In 2019, the South African sector employed 65 000 people, with total market revenues of $1.04-billion. By 2024, these figures had increased to some 150 000 people and $2.91-billion. The development of the sector in recent years has been driven by significant foreign investment.  The main centre for global business services operations is Cape Town, with Durban second and then Johannesburg. But Tshwane, East London and Gqeberha are also significant locations.

The main sectors covered are financial services, healthcare, legal services, and technology and communications. The biggest single source market for the sector is the UK, services to which employ 55% of the total workforce in the South African globally-focused sector. Back in 2019, the US accounted for just 1% of these workers; now, that proportion is 33%, showing the speed with which that segment has grown. The other major source markets are Australia, Germany, France and the Netherlands.

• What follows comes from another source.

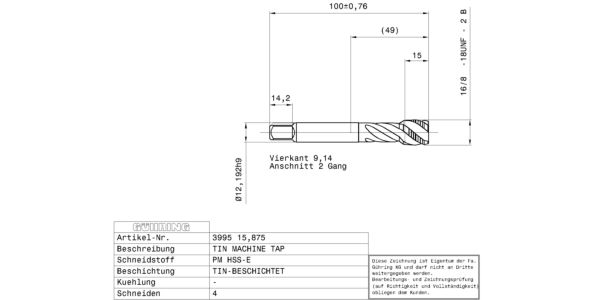 Machine taps for UNF-threads 5/8 – 18 / 2B / Company std. / DIN/ANSI / HSS-E-PM / TiN / Type: H R40 / Form: C / blind hole / Cutting direction: right-hand
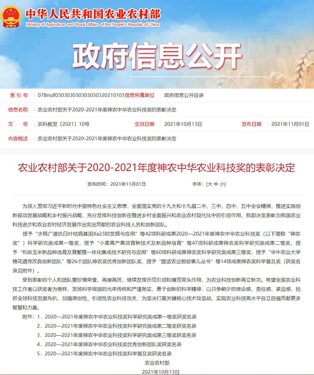 11月1日,農業(yè)農村部官網(wǎng)發(fā)布了《關(guān)于2020-2021年度神農中華農業(yè)科技獎的表彰決定》(農科教發(fā)〔2021〕10號),對在2020-2021年度為我國農業(yè)科技進(jìn)步和農業(yè)農村經(jīng)濟發(fā)展作出突出貢獻的農業(yè)科技人員和創(chuàng )新團隊進(jìn)行表彰。由江蘇省農墾農業(yè)發(fā)展股份有限公司主持,聯(lián)合江蘇省農業(yè)技術(shù)推廣總站、揚州大學(xué)共同完成的“稻麥兩熟畝產(chǎn)1200公斤綠色高效關(guān)鍵技術(shù)創(chuàng )新與應用”項目獲得科學(xué)研究類(lèi)成果三等獎。

The refreshed value proposition has six pillars. They are – infrastructure and enabling environment; mature industry and value-driven growth; people prowess; assured service excellence; cost arbitrage and business advantage; and “tactical advantage”.

In terms of infrastructure and enabling environment, South Africa must ensure it has one of the best information and communication technology infrastructures in Africa, global contact centre standards (ISO 18295) that are based on South African best practices and the sector must have strong support from national, provincial and local governments. Mature industry and value-driven growth refers to the fact that the country can provide expertise in all relevant communications channels, as well as complex process management, deep knowledge in financial services, coupled with a move to tech-enabled high-value services, and developing capabilities in next-generation solutions, including cybersecurity.  People prowess alludes to the availability of a large, young, very trainable workforce, fluent in English, and with cultural affinities with the UK, US and Australia.

Assured service excellence is confirmed by the consistent high customer satisfaction and Net Promoter Scores, with the South African sector also recognised for high empathy in service delivery and excellent customer “journey” management and high first-call resolution rates. Cost arbitrage and business advantage refers to the fact that South African-based operations are 55% to 65% cheaper than they would be in the US, UK or Australia; South African government incentives reduced local operational costs by a further 7% to 10%; moreover, the sector is expanding into Tier 2 and Tier 3 cities across the country, offering greater flexibility (as well as creating direct and indirect jobs in these smaller centres). “Tactical advantage” alluded to the ability of locally based operations to access Africa through a regional hub-and-spoke model, allowing businesses to plug into the continent’s fast-growing markets, and access long-term growth.